While it works in this particular case, beware that it may not produce the integer you want, e.g.:

julia> BigInt(1e30)
1000000000000000019884624838656

This is because a floating-point literal like 1e30 is first rounded to the nearest Float64 value, and because this is binary floating point it generally only represents 53-bit integers (the precision) times powers of two. Since

10^{30} = 5^{30} 2^{30} = 931322574615478515625 \times 2^{30}

and 931322574615478515625 > 2^{69} is bigger than the largest 53-bit integer, it is first rounded to the closest representable value 931322574615478534144 = 3552713678800501 \times 2^{18}, which when multiplied by 2^{30} gives the value of BigInt(1e30) above.
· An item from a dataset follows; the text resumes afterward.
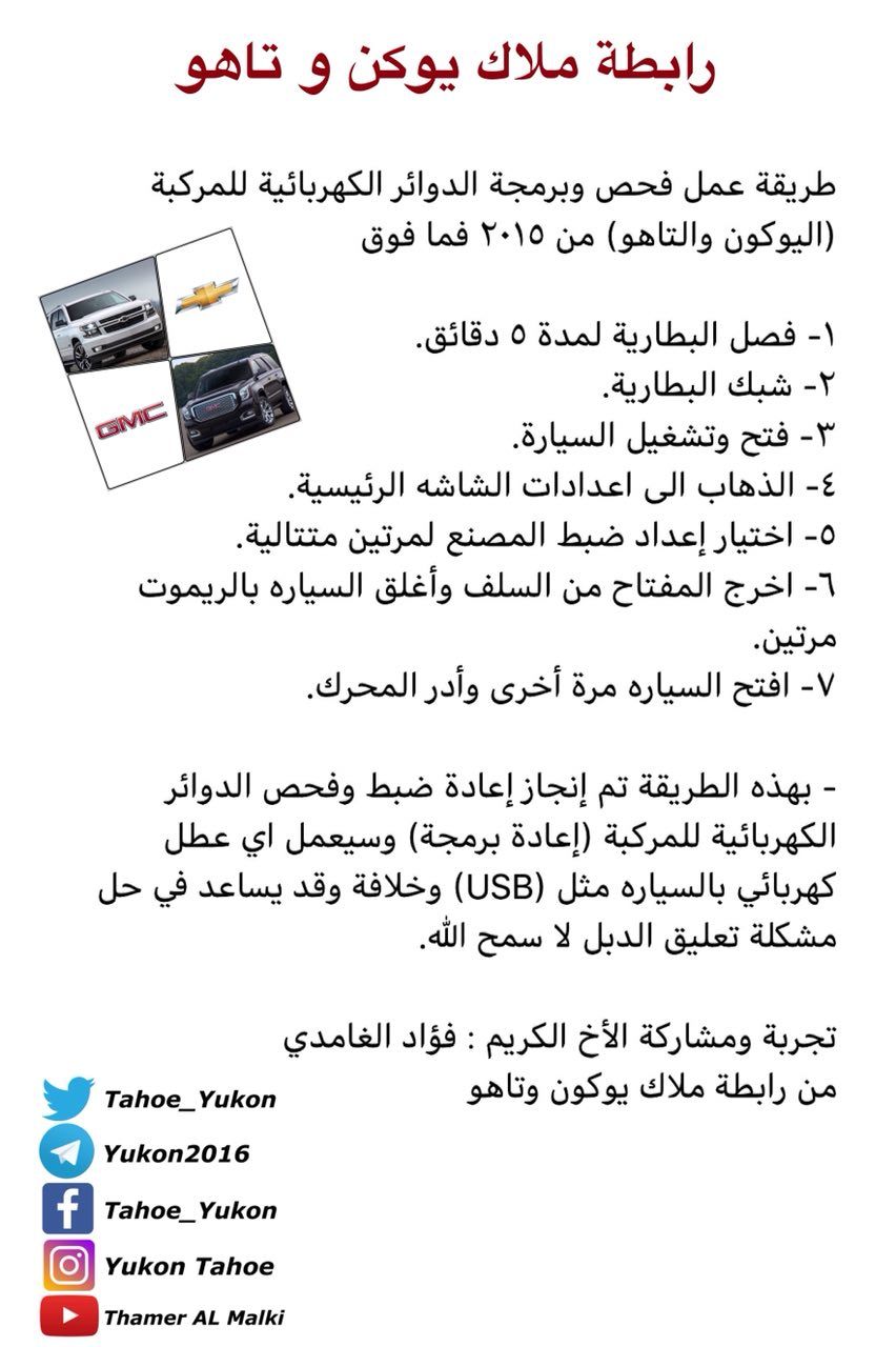 ملاك تاهو ويوكون En Twitter طريقة برمجة اليوكون والتاهو في حال تعطل Usb أو وجود خلل لا سمح الله في إحدى الدوائر الكهربائية T Y2015up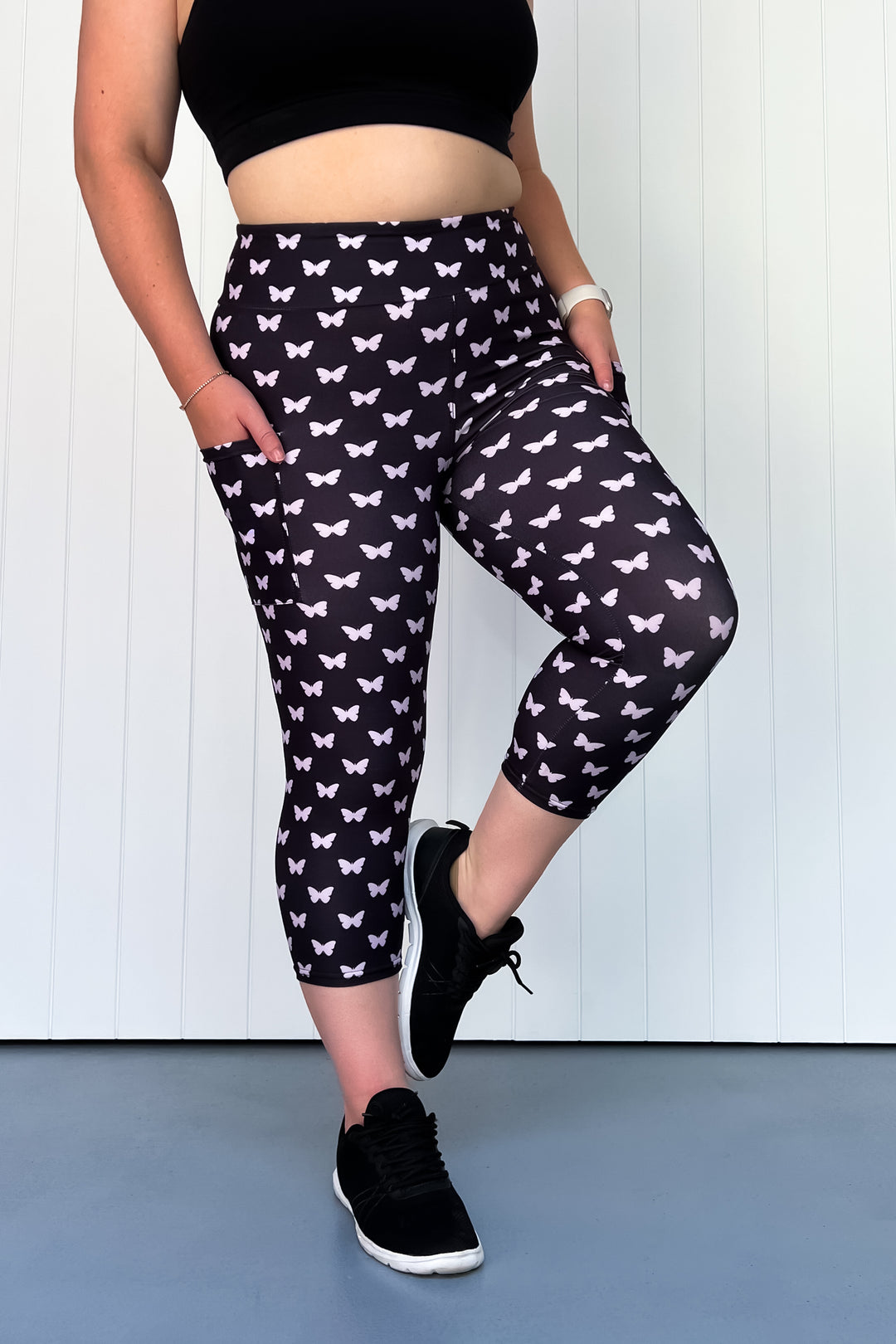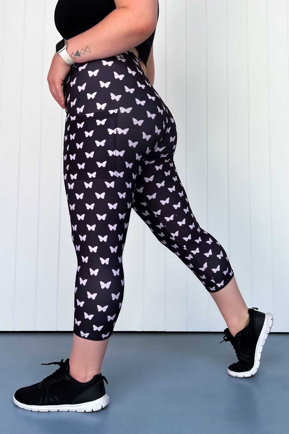 Butterfly Imprint - Casual - Capri Leggings - Pockets

Moral: if you want to use BigInt or BigFloat, don’t generally start with an ordinary Float64 literal (which may already be rounded), and instead create the bignum value directly, e.g.

julia> BigInt(10)^30
1000000000000000000000000000000

julia> big"1e30" # BigFloat value, exact in the default ≈ 77 digit precision
1.0e+30

julia> precision(BigFloat, base=10) # the current BigFloat precision in decimal (approximately)
77

(Except for the syntax, all of this is not specific to Julia. It is just how floating-point arithmetic works. If you want to represent decimal values exactly up to the available precision, you can use decimal floating-point types ala DecFP.jl.)

5 Likes
5

Probably worth pointing out about literals too is that the BigInt call in k = BigInt(9609...) is redundant for that value. Depending on the magnitude, integer literals are parsed as Int (Int32 on 32-bit systems or Int64 on 64-bit systems) or higher precision types like Int64, Int128, or BigInt. Floating point literals on the other hand do a specific type (exponent syntax uses e for Float64, f for Float32) and throw a ParseError if the magnitude is too large.

This parsing discrepancy is why BigInt can’t take a string as input like BigFloat and needs the big"" string literal or parse on strings. If you can’t write a literal value into the code e.g. reading text from a file, then you’ll need to process strings for very high precision values, and as always be mindful of the types across the operations and whether they can represent the necessary range of values.